Yıllardır "olmaz, olamaz" dediklerimizin katlanarak büyüdüğü bir ülkede yaşıyoruz. Öte yandan, Sayın Bakan Şimşek’in ortaya attığı vergi dilimlerinin nitelikleri açıklandığında, gerçekten nereden nereye geldiğimiz öylesine belirgin bir halde karşımıza çıkıyor ki! Milletin zekâsı ile aklı birbiriyle karışıyor. Bütçe görüşmelerinde Diyanet İşleri Başkanlığı’nın bütçesi bilmem nereden nereye çıkartılmış, ama kimsenin umurunda değil. Bütçesi altı bakanlığın bütçesinden de büyük olduğu ortadayken! Kimin umurunda?

Emeklisi, memuru, işçisi, köylüsü hatta öğretmenleri bile çarpan yüksek enflasyonun altında eziliyor. Seslerini çıkarmak bir yana, takatsizlikten nefes bile alamıyorlar.
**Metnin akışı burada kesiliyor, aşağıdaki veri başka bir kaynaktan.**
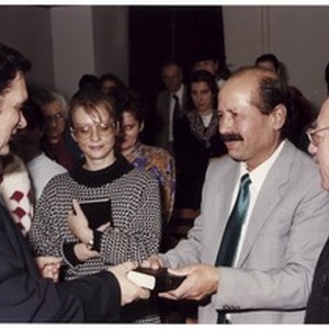 Fotografija Mihaela Kuzmiča kako novokrštenom starijem čovjeku pruža Bibliju kao poklon. [Description (original non-English/roman language/script)] Photograph of Mihael Kuzmič presenting a newly baptized older man with a Bible as a gift. [Description English/roman)]

Onun içindir ki sanatçılarımız, bize ne yazdan ne kıştan gelecek bir esinti kaldı. Sadece yolun sonu görünüyor. Portakal olmuş 60 TL, gerisini siz düşünün... Gücü olan yürüsün, durmak yok! Gücü olmayan uzaktan baksın, beklesin... Askıda portakal yoldadır...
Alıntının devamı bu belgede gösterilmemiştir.